Typically my memory is terrible, but I still have vivid recollections of this trip. Going to the oceanside vendor to get fish fritters, playing on the beach and making sand mermaids, watching the last sunset of 1999. This trip was a testament to my mother’s trust in the people she kept close to us. I was the kid at middle school graduation with an entire row of family and friends cheering my name as I walked up to accept my diploma. I always had people in my corner. As an adult, the gravity of that blessing is not lost on me. Memories like Barbados defined my childhood. I watched as my mother and her friends supported and lifted each other in moments of heartache and celebrated each other in moments of triumph. I was a sponge absorbing the relationships around me. I was taught love through the way she treated me and in the way our chosen family treated one another. I was given front row seats to authentic, healthy, and loving relationships from a very young age.

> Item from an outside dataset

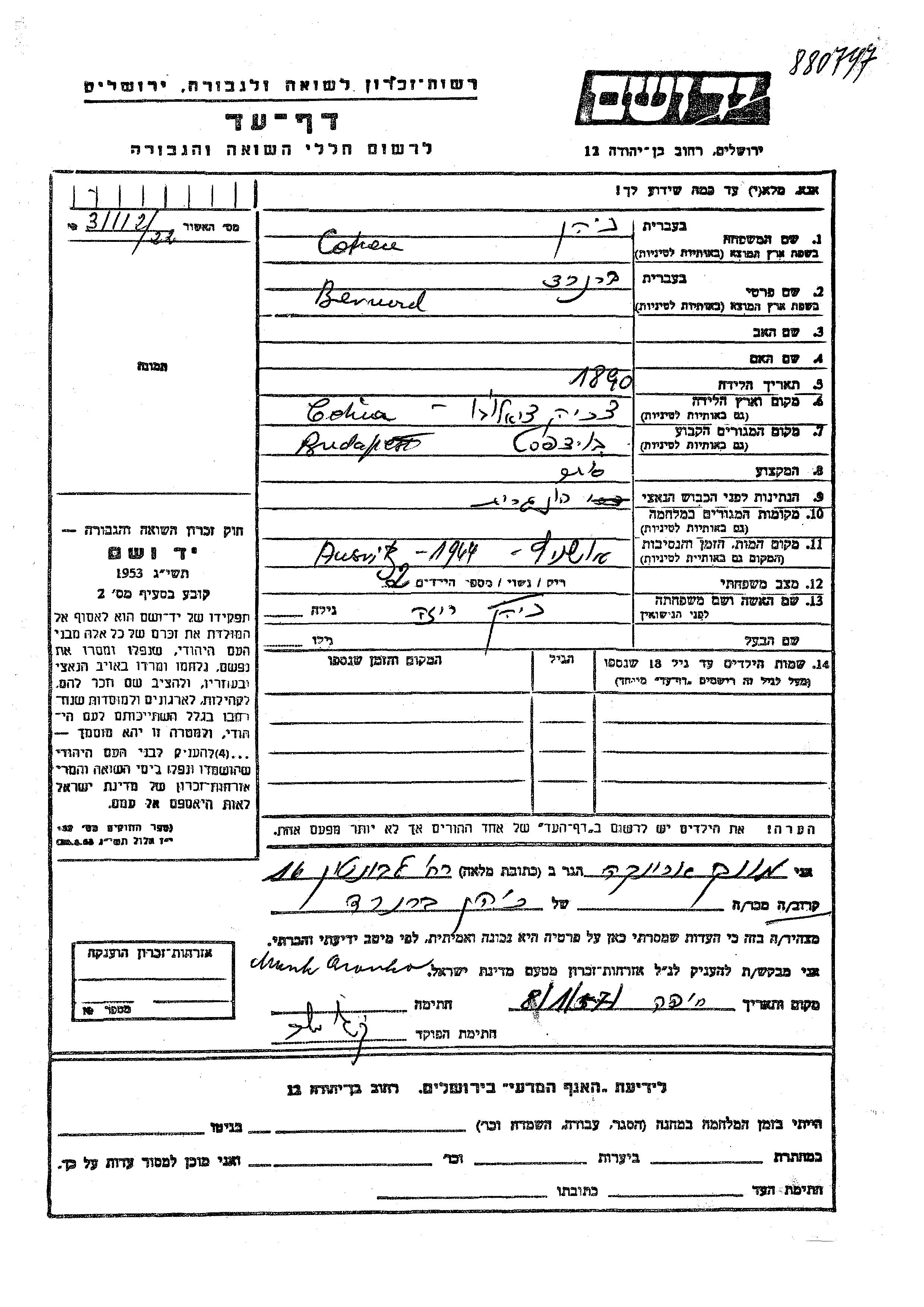 Bernard wurde in der Schoah ermordet. Todesort: Auschwitz, Polen im Jahr 1944.

Everything my mother did when it came to me was intentional, from the people around me to the words she used. When I was younger, she would rarely make promises. She would say, “I am not going to promise you unless I know I can do it, Keesha. What I can do is try my best”. As a child, this was unbearably frustrating because 90% of the time she would do what she would try her best to accomplish. In hindsight, this practice set the bar very high when it came to trust. It taught me to be wary of people who do not follow through on their word. My mother taught me that integrity is something you can only learn through action. And I can’t help but see my grandmother in these lessons.
I always wanted a sister. I think that’s why I loved watching my mom and my aunt’s relationship. I have always been included in their relationship and I never felt like I was imposing. Instead, I was a part of their connection. My aunt is like a second mother to me. She never treated me like I was too young to understand things. She always trusted me and respected me as a person regardless of how old I was.

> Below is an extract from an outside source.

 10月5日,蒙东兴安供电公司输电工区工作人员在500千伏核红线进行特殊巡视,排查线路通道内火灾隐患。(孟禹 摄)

When I was growing up, my Mom would do my hair every second Sunday. And I had A LOT of hair. As a child, I hated these sessions. My head would hurt, it would take literal hours, and I couldn’t move much. Sometimes my aunt would help, or even do my hair instead of my mom. Looking back now, these were some of my favourite memories with my mom and my aunt. I would get to watch movies with them and listen to them gossip and chat with their friends. I got to be a part of the group. I was treated like the little sister who everyone looked out for.
Like me, my mom always wanted a sister. Between her and my aunt, they have two brothers. “I wanted a sister so badly that when your youngest uncle was born, I wanted nothing to do with him.” My mom told me. “When your Aunt was born, she was my baby. I would bathe her, feed her, take her everywhere with me. She was mine”. Thinking about them as children makes my heart smile. “Your Mother was always very maternal.” My aunt said. “She treated me as her equal. Like her sister, her little lady,” my aunt said. I couldn’t help but see my relationship with my aunt in those sentiments.
For the past year, I have been actively practicing gratitude. Honouring what it means to acknowledge all that I have, especially the people in my life. The ones who have left and the ones who have always been there. Practicing gratitude has allowed me to reflect on moments from my childhood with more grace and understanding.
For me Mother’s day is not just a day to celebrate my mother. It is a time to acknowledge the loving energy that has coloured my childhood and adulthood. The way kindness, stability, and wisdom have been passed down to me. It is a day to acknowledge the different types of relationships that I have had the pleasure of witnessing and the blessing of knowing. All of these things would not have been possible without my grandmother and the lessons she taught my mother and my aunt.
Although I never met my grandmother, I know her. I see her in my mother, my aunt, in the kindness and guidance they have brought into my life. I see her in the way they interact with me. In the laughs I share with them and the memories we’ve made. I know she is with us. Her essence is etched in every fibre of our bond.